Because of that, I took the code I used, refactored it some, and wrote this up to show what I did to get to the point where I can calculate the best lineup.

Knapsacking

This optimization is generally categorized as a Knapsack problem. The wiki page for the Knapsack Problem defines it as follows:

“””Given a set of items, each with a weight and a value, determine the number of each item to include in a collection so that the total weight is less than or equal to a given limit and the total value is as large as possible.”””

Or, self described – If you’re stealing items of known value, but only are able to carry a certain amount of weight, how do you figure out which items to take?

This DFS problem though is slightly different than the standard Knapsack problem, and makes it much more interesting.

FanDuel Rules

The DFS site I’m using for this is FanDuel, one of the two main Daily Fantasy Sports sites. Their rules for the NBA are that all players are assigned a position, Point Guard (PG), Shooting Guard (SG), Small Forward (SF), Power Forward (PF), and Center (C). A line up will have 2 PGs, 2 SGs, 2 SFs, 2 PFs, and 1 C. Each player is given a salary, and the combined salary of the players in your lineup must not be above $60,000. For reference, to give a sense of salary distribution, and what you’ll see in the final solution for best lineup of October 24th, 2018, MVP Giannis Antetokounmpo had a salary of $11,700, and ear blower and member of the Lakers Meme-Team, Lance Stephenson has a salary of $3,900. This data was given in csv files from FanDuel that we can download.

The amount of points a player gets depends on a bunch of stats for the night, positive points for things like actual points, rebounds, 3 point attempts made, assists, steals, and negative points for things like turnovers. This data comes from nba.com which I scraped and loaded into postgres.

Data

Below is a screenshot of what an example salary csv file that we can download looks like. Note that this is for a different date than the example day I’m using. I didn’t get the csv from FanDuel on that date, I had to scrape it from somewhere else, but it’s still important to give a look of what the csv file looks like. For our simple optimization, we only need the name, the position, and the salary of all the players.

Secondly, we need the stat lines which I then use to calculate the number of points a player got in a night. Below is a screenshot from stats.nba.com where it show’s how a player did that night. I have a script that scrapes that data the next day and puts that into the db.

If you look at the data csv files in the repo, all I have here is the name, position, salary, and points earned. This is a post about optimization, not about data gathering. If you’re wondering a little, here’s the query I used to get the data. I have players, positions, stat_lines, games, and some other tables. A lot of work goes into getting all this data synced up.
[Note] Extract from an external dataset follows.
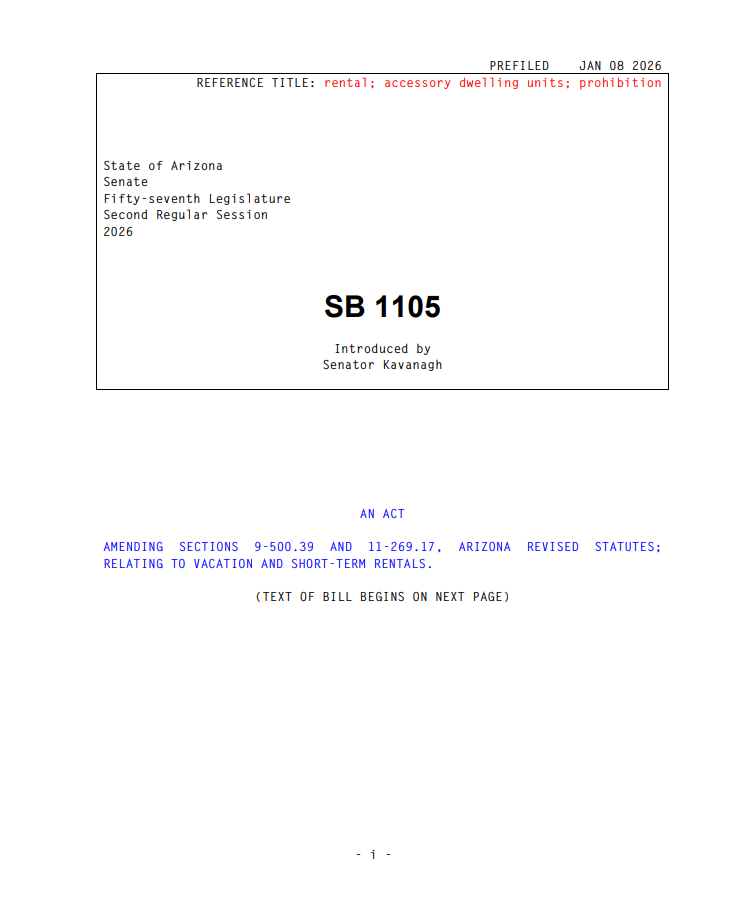 Arizona Senate Bill Targets ADU Short-Term Rentals
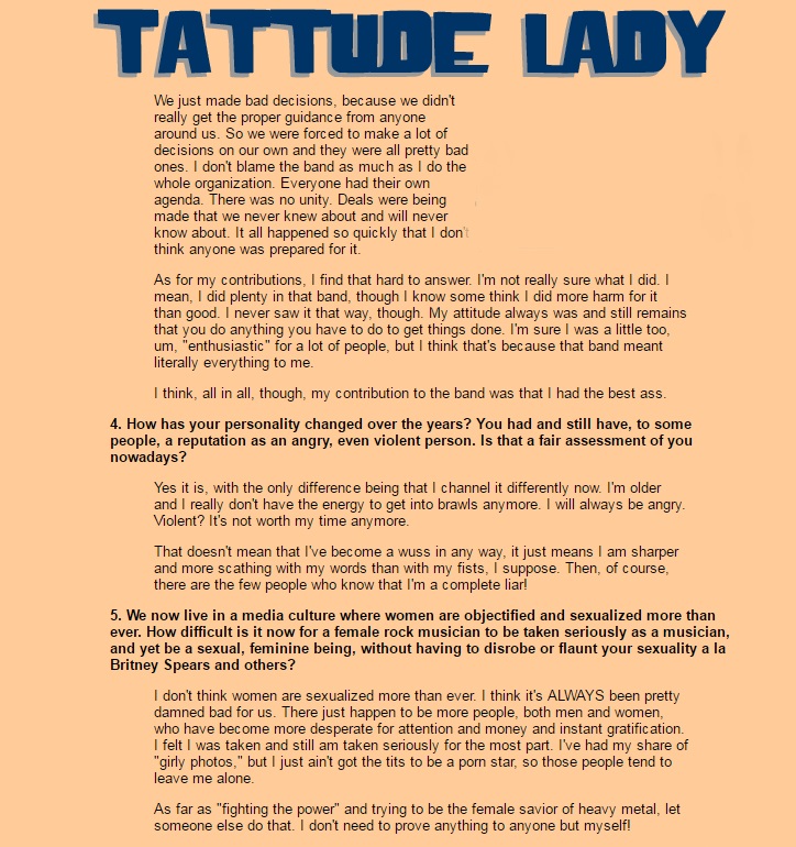 Page debuted around 2000 – and it may look very simple by today`s standards. However remember that Valerie was one of the first in the business to actually have her official page. And she was to our knowledge the only bassist in metal community to maintain this side of business at that time. It was through Tattude Lady that Val communicated her departure from Pist.On to her fans by publishing a special interview (another first in metal world!) – you can read it below, and it makes a fantastic addiction to our own interview with Val.Ium. See, we do spoil you!

select p.id as pid, p.fd_name as name, sl.fd_positions as pos, sl.fd_salary as sal, sl.fd_points as pts from stat_lines sl join games g on sl.game_id=g.id join players p on p.id=sl.player_id where g.date='2018-10-24' and sl.fd_salary is not null order by sal desc

Code

Here’s the link to all the code on github. In it, you’ll find the csv files of data, three separate scripts to run the three different optimization methods, and three files for the Jupyter notebooks to look at a simplified example of the code.

Continuing

In the rest of the post, I’ll go through the three slightly different solutions for the problem. The first uses basic python elements and is pretty slow. The second brisk solution uses libraries like Pandas and NumPy to speed up the calculation quite a bit. The final fast solution goes beyond the second, ignoring most python structures, and uses matrices to improve the quickness an impressive amount.

In all cases, I made simple Jupyter files that go through how they each combine positions which hopefully give a little interactive example of the differences to try to show it more than words can do. In each case, when you go through them, you’ll see at the bottom they all return the same answer of what are the best players, what their combined salary is, and what their point totals are.

I talk about salaries, points, and indexes a lot. Salaries are the combined salaries of the players in a group, points are the combined points of the players in a group, and indexes are the the indexes from the csv file or the pandas dataframe which represent which players are in a group. Instead of indexes, we could use their names instead. Don’t get this confused when I talk about the indexes in the numpy arrays / matrixes that are needed to find which groupings are the best. To keep the index talk apart, I’ll refer to the indexes of the players as the player indexes. Also, I sometimes mix salary and cost, so if you see either of those words, they refer to the same thing.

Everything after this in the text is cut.